BEGIN PROVIDED DATA
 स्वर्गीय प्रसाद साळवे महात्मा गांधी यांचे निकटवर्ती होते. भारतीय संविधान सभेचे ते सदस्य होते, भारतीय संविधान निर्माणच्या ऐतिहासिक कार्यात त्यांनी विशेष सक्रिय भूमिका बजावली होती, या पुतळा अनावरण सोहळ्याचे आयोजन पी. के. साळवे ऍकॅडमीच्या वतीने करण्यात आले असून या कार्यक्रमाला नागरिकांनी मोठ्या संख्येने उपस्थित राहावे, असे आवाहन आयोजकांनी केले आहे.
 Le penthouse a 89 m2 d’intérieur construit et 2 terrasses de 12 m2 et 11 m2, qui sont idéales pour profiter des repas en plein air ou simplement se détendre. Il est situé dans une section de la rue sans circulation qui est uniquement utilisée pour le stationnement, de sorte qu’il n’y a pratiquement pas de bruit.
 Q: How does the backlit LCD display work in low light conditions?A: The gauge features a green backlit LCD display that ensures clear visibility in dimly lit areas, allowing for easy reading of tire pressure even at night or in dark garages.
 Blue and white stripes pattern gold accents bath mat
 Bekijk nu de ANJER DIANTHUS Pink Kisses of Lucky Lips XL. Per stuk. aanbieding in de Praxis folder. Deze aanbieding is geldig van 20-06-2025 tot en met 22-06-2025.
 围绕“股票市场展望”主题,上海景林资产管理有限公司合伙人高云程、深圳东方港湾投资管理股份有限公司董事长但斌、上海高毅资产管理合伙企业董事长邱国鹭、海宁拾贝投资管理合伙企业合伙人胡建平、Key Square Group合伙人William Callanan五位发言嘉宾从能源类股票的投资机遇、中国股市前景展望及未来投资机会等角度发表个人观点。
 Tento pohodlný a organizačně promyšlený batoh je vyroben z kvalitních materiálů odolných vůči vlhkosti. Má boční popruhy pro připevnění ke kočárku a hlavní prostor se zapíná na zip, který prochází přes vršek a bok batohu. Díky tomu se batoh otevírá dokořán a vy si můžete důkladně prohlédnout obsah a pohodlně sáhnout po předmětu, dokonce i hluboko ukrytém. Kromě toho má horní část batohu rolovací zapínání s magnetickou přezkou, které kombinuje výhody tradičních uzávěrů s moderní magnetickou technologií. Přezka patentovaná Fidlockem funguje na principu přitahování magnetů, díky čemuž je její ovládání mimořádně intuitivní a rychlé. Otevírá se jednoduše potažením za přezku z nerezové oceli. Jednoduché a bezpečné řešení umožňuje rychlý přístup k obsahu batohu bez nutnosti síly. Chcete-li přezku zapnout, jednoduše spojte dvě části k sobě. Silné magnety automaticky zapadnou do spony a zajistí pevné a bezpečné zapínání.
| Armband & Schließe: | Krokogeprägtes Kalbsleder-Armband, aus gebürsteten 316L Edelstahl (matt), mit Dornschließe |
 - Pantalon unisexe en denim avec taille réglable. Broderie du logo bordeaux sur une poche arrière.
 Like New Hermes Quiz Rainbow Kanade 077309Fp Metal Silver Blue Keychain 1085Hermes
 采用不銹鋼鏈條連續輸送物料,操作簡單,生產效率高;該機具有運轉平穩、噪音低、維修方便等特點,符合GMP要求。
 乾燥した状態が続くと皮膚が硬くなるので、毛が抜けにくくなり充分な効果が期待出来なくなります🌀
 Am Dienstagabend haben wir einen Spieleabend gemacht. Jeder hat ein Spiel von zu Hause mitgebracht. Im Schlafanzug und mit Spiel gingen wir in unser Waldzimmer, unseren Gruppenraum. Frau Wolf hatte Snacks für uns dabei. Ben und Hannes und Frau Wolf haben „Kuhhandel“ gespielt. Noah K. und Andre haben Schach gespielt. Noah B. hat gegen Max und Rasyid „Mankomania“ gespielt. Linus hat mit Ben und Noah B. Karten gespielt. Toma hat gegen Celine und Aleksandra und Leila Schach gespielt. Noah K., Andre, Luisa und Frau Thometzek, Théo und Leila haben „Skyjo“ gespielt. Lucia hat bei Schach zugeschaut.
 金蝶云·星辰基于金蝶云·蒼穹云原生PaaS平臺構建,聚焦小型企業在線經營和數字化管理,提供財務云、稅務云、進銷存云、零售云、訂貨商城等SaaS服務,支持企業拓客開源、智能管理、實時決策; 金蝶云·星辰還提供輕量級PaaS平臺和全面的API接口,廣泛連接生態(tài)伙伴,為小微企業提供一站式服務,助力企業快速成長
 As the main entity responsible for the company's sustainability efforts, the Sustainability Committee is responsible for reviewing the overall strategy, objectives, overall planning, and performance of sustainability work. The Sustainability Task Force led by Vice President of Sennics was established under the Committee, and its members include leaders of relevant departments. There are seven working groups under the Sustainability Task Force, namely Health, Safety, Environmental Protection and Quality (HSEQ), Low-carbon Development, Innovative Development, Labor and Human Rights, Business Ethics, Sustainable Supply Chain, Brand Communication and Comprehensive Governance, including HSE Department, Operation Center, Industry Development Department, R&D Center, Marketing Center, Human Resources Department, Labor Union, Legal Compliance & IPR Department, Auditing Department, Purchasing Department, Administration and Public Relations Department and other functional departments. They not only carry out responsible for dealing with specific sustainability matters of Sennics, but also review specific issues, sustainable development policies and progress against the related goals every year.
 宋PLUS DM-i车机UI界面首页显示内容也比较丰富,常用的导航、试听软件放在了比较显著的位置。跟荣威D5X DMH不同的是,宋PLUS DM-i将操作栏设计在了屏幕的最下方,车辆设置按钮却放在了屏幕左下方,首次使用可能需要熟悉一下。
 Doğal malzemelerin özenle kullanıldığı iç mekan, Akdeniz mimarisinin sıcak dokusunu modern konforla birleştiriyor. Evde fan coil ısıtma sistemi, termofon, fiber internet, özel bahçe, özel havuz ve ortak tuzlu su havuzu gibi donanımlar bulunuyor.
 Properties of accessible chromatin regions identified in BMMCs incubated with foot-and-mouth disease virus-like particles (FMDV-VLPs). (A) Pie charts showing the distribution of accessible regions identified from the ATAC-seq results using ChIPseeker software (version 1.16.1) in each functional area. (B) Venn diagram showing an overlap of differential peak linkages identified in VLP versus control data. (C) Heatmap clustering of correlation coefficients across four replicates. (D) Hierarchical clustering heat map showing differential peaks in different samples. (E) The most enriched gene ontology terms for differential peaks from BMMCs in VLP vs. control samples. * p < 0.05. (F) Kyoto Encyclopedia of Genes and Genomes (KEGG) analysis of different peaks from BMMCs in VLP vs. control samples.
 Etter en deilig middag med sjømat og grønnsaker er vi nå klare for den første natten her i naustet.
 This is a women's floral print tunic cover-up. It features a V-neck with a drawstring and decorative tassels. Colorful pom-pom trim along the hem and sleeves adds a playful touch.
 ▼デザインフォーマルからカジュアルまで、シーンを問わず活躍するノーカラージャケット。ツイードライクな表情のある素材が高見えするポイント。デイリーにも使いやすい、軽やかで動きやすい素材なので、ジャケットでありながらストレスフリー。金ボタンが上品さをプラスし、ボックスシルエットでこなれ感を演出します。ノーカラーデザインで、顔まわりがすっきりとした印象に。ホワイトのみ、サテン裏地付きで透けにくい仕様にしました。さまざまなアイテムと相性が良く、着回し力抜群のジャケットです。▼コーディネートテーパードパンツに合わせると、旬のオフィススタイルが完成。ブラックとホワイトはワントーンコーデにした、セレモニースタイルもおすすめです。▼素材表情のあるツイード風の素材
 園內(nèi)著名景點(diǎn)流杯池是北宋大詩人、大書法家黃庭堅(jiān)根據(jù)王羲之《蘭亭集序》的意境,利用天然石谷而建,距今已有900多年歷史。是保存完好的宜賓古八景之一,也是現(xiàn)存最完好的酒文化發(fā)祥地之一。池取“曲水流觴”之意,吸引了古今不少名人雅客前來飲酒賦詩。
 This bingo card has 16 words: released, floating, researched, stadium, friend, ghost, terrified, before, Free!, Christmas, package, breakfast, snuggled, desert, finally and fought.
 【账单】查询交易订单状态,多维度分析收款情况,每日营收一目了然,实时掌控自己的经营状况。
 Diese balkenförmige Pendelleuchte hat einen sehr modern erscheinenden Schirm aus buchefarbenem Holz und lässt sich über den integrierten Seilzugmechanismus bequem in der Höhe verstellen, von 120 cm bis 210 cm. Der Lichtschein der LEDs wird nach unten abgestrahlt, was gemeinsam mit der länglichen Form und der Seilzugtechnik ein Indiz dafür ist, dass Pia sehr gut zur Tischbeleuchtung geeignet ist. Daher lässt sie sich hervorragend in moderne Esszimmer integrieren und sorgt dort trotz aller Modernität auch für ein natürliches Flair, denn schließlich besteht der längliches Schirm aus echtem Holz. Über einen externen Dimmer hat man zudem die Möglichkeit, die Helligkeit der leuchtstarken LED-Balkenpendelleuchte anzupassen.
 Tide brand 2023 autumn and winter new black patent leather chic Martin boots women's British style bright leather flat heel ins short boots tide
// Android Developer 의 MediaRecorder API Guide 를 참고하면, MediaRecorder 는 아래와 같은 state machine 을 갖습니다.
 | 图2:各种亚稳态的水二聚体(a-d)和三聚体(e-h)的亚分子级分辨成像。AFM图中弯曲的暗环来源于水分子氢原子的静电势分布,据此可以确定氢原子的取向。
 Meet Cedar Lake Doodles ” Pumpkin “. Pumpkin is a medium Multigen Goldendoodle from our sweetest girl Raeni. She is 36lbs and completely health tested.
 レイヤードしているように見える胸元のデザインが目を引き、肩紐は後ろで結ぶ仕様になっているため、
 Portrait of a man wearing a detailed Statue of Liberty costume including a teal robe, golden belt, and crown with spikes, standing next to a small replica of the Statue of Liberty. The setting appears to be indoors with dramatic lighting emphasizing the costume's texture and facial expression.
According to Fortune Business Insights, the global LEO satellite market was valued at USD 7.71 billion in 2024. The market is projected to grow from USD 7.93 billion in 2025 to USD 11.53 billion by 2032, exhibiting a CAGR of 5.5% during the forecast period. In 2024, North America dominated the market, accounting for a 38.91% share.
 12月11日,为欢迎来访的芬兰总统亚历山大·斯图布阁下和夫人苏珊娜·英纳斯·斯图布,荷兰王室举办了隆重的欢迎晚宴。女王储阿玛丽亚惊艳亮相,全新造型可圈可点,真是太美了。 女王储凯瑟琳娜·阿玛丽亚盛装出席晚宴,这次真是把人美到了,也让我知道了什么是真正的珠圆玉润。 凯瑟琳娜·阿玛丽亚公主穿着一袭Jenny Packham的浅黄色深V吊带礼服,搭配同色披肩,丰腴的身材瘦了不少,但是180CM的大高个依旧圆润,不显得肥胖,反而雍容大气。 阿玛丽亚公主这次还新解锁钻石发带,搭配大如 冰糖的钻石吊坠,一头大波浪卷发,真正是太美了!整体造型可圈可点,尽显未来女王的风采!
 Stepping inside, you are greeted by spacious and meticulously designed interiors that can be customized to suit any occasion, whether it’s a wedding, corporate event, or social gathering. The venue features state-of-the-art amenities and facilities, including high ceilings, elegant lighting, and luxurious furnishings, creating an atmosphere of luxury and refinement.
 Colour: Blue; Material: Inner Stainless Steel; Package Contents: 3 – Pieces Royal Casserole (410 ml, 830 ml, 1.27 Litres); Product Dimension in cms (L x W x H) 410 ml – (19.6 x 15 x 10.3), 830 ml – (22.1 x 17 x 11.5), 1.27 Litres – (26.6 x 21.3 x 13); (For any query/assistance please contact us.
END PROVIDED DATA
- _THE TASK_
Each line above that contains "This" must be copied out.

- _EXPECTED ANSWER_
 This is a women's floral print tunic cover-up. It features a V-neck with a drawstring and decorative tassels. Colorful pom-pom trim along the hem and sleeves adds a playful touch.
 This bingo card has 16 words: released, floating, researched, stadium, friend, ghost, terrified, before, Free!, Christmas, package, breakfast, snuggled, desert, finally and fought.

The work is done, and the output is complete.